Upendra Singh Kushwaha (born 6 February 1960) is an Indian politician and a former Member of Bihar Legislative Council and Bihar Legislative Assembly. He has also served as the Minister of State for Human Resources and Development in the Government of India.  Kushwaha is a former Member of parliament from the Karakat constituency in Rohtas district, Bihar and a former member of the Rajya Sabha as well. He was the leader of his own party named Rashtriya Samata Party (RSP) which merged into  Janata Dal (United) (JDU)  in 2009. Latter, he formed Rashtriya Lok Samata Party (RLSP), which  also merged  with JD(U)  in 2021. On 20 February 2023, he resigned from all positions of Janata Dal (United) and formed his own party called  Rashtriya Lok Janata Dal due to his political problems with JD(U) & Nitish Kumar.

Early life
Upendra Singh was born to Muneshwar Singh and Muneshwari Devi on 6 February 1960 in Vaishali, Bihar into a middle-class family. He graduated from Patna Science College and then did MA in Political Science from BR Ambedkar Bihar University, Muzaffarpur. Kushwaha also worked as a lecturer in the politics department of Samata College. Later he added Kushwaha to his name.

Political career
Upendra Kushwaha stepped into the world of politics in 1985. From 1985 to 1988, he was the state general secretary of Yuva Lok Dal. As per political analysts, he enjoyed the support of voters of the Kushwaha caste in the various districts of the Magadh and Shahabad division, which includes Jahanabad, Gaya, Arwal, Aurangabad, Arrah, Rohtas, Buxar and Samastipur. Hence, the majority of the political workers accompanying Upendra Kushwaha hail from this region. While there are other districts, where the members of the Kushwaha caste are not under his influence.
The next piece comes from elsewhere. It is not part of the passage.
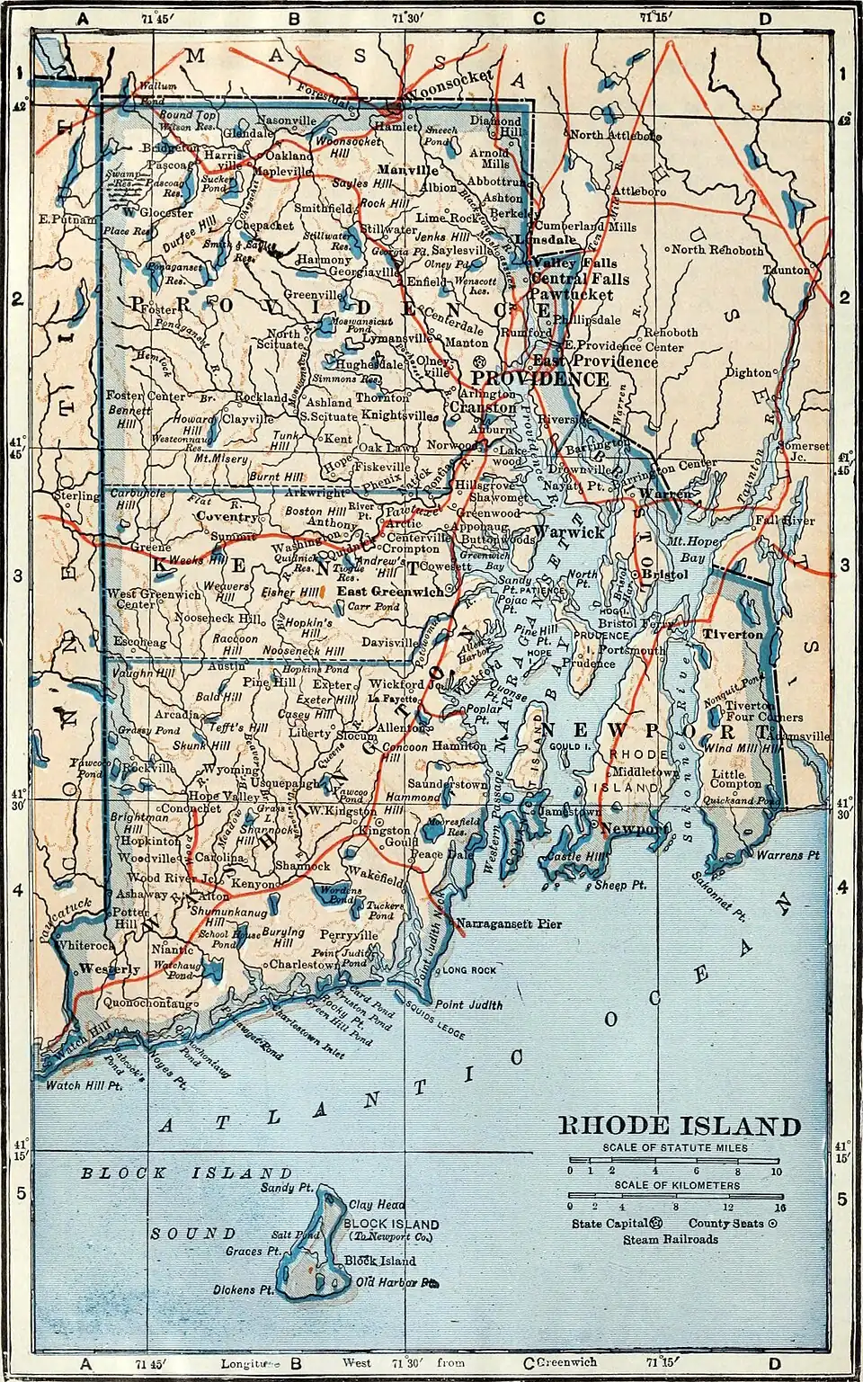 Topography.—The State is divided into two unequal parts by Narragansett Bay, which extends inland about 30 miles. The surface of the W. portion or mainland is hilly, but the hills are all low; the greatest height, Durfee Hill, having an altitude of 805 feet. There are numerous salt marshes along the ocean. The E. part consists mainly of islands. Of these the largest and most important is Rhode Island from which the State derives its name. Others are Conanicut, Hope, Patience, Starved Goat, Prudence, Perry, Dyer's, and Dutch Islands. The principal rivers are the Pawtucket, navigable as far as Pawtucket, where it changes its name to Blackstone, the Pawcatuck, forming part of the boundary between Rhode Island and Connecticut, and the Pawtuxet, flowing across the central part of the State, and emptying into the Providence river, an arm of the Narragansett Bay. There are numerous coves and bays branching off from Narragansett; among them being Greenwich bay, Sexonnet river, Mount Hope bay, and Providence river. Block Island, 10 miles from the coast, belongs to the State.

Later, he became National General-Secretary, Yuva Janata Dal, 1988–93. He had also worked as General-Secretary for Samata Party, 1994–2002. Kushwaha was Member of Bihar Legislative Assembly in 2000-2005 and appointed as Deputy Leader (Samata Party) Bihar Legislative Assembly. In March 2004 after loksabha election Sushil Modi was elected to Loksabha and the same time number of MLA's of JD(U) increased than BJP. Since leader of JD(U) changed his party. So kushwaha became leader of opposition.

Kushwaha started his electoral politics in 2000 winning from Jandaha. He was dismissed from the Janata Dal (United) in 2007. Kushwaha founded the Rashtriya Samata Party in February 2009. The party was formed in the backdrop of alleged marginalisation of the  Koeri caste and autocratic rule by the Nitish Kumar government in Bihar. The formation of the party was supported by Chhagan Bhujbal, the deputy chief minister of Maharashtra.  In November 2009, the party was merged into the Janata Dal (United) with the mending of ties between Kushwaha and Kumar.
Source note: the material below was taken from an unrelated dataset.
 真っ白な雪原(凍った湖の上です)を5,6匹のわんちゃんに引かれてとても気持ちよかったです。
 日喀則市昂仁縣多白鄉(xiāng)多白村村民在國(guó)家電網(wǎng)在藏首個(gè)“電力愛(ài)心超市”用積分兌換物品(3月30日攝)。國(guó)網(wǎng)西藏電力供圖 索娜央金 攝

On 4 January 2013, Upendra Kushwaha who at the time was a Rajya Sabha member, resigned from the Janata Dal (United). He alleged that the Nitish model had failed and that the law and order situation was becoming as bad as it had been 7 years ago. He further alleged that the Nitish Kumar runs his government through autocratic means and that he had turned the Janata Dal (United) into his "pocket organisation".
Kushwaha founded the Rashtriya Lok Samata Party on 3 March 2013 and unveiled the name and flag of his party at a rally at the historic Gandhi Maidan. He contested the 2014 Lok Sabha elections as part of the National Democratic Alliance (NDA), led by Narendra Modi. He was elected from the Karakat constituency and was appointed as Minister of State in Human Resource Development ministry. In December 2018, he resigned from the ministry and left the NDA, accusing Modi of not fulfilling his poll promises regarding Bihar.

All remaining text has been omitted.